Евдокимов вышел на привокзальную площадь. В городе еще лежал снег мартовский, ноздреватый, синий, однако заметно надвигалась весна; после Петербурга, северного, заснеженного, холодного, здесь властвовал юг: уже видны были набухающие почки на каштанах, появились пальто без меховых воротников, а зимние шапки сменились шляпами и шляпками - дамы отличались от простолюдинок и одеждой, и статью, и плывущей походкой; в столице обреталось куда как больше народа, и сословная разница стушевывалась, а может быть, "простых" было больше и среди них терялись "верхние"? Толпа везде одинаковая, но здесь хорошо одетые люди были наособицу. "Надобно запомнить... - подумал. - И не светиться".
Велел извозчику на Софиевскую ехать медленно и дальним путем.
- Желаете полюбоваться? - обрадовался бородач. - И то! К нам со всего мира ездиют! К нам сам Первозванный Андрей пожаловал! И вопче: тихо у нас, мирно, любовь да совет. У вас, там - поди склока идет?
- Идет... - вздохнул. - Что в городе? Чем огорчишь?

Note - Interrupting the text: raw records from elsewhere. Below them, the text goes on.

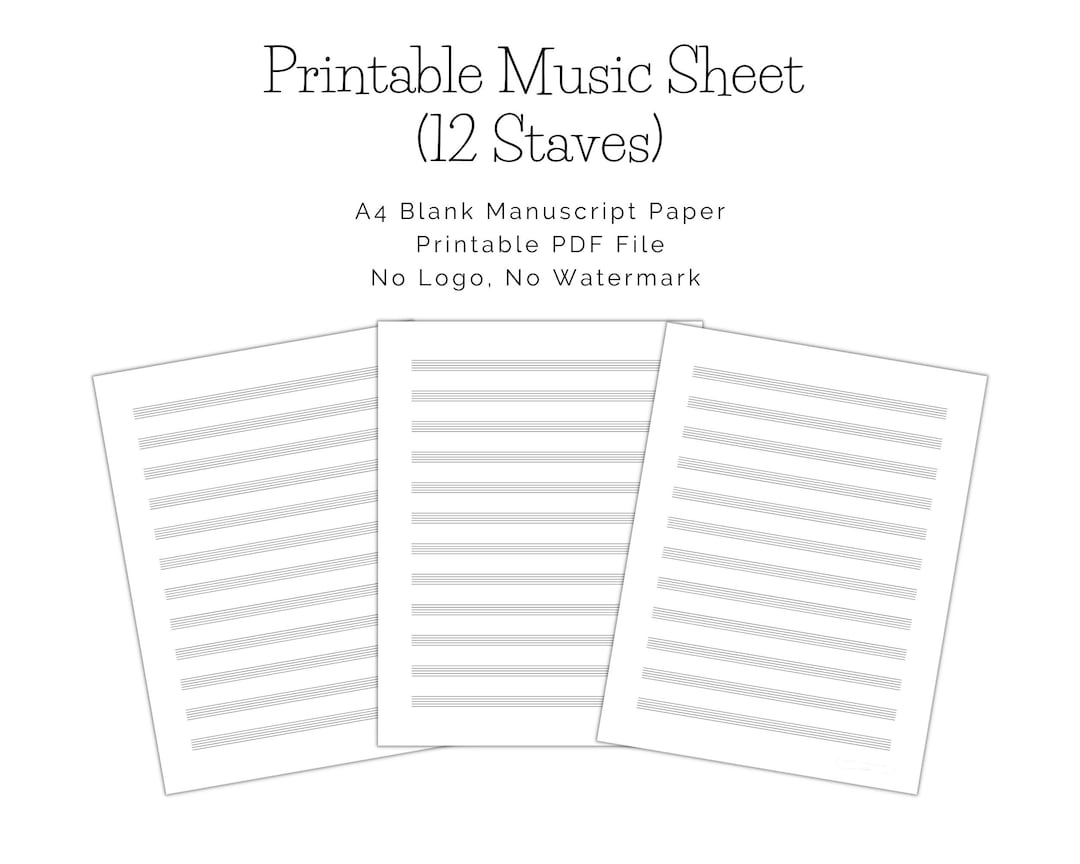 12 Staves Blank Sheet Music Manuscript Paper Printable A4 PDF Instant Digital Download Etsy
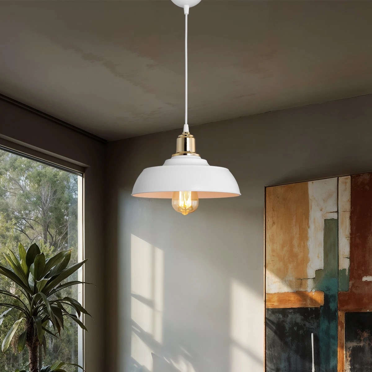 GLOBOSTAR® LOAN 203-0281 Μοντέρνο Κρεμαστό Φωτιστικό Οροφής με Ντουί 1 x E27 AC 220-240V IP20 - Λευκό & Χρυσό -Μ25.5 x Π25.5 x Υ17cm
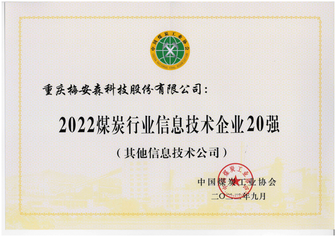 经过中国煤炭工业协会对全国服务煤炭产业数字化发展的各类信息技术企业进行专项调研评比,重庆梅安森科技股份有限公司成功入选“2022煤炭行业信息技术企业20强”,并获得荣誉证书。
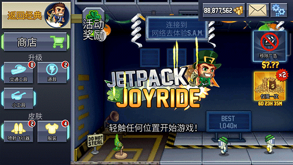 这款叫做《疯狂喷气机》的最新版本游戏真的挺有意思的!游戏背景设定在一个神秘的工厂里,玩家扮演主角Barry,为了阻止科学家的阴谋潜入工厂,偷走他们的个人火箭飞行器。在逃亡过程中,你需要躲避各种机关、电网和导弹,玩起来非常考验眼力和手速。画面也很清爽,场景切换流畅,金币和道具的设计让人感觉特别炫酷。

- Саперы некогда выступили, так их постреляли, а так - тихо. Вы по делу или так?
- Я из газеты.
- Вот и слава богу! Я у вашей гостиницы и стою! Милости, значит, просим!
И вот уютный номер с умывальником и даже унитазом, сквозь чисто вымытое стекло - колокольня и купола: Святая София - четвертое лицо Бога. Есть ли у нас, русских, софийность, мудрость божественная? Вот, Волынский отрицает: ненавистные-де... Друг друга едим и тем сыты бываем. Ай-я-яй, Евгений Анатольевич, как не стыдно... Подобные мысли в голове держать. Сказано: избранные мы. Евреи - те как бы ложно. А мы - по-настоящему. От Господа. Перевел взгляд - Хмельницкий скачет. С булавой. Это знак великой власти. Этой властью привел Украйну к России. Скоро триста лет тому... Однако - "Запроданець". Продал "вильну неньку" за тридцать сребреников. Одни рады. Другие горюют. Кто прав?
...Колокольный звон из-за окна отвлек от раздражающих, горьких мыслей. Вдруг понял: от бессилия. Что делать? Программы нет, и оттого скорбное уныние. Невозможно просто так сидеть и ждать - неизвестно чего. Надобно предвосхитить. И, бог даст, - предотвратить. Это странное предположение вызвало усмешку. На пустом месте сделать нельзя ничего. Ни-че-го...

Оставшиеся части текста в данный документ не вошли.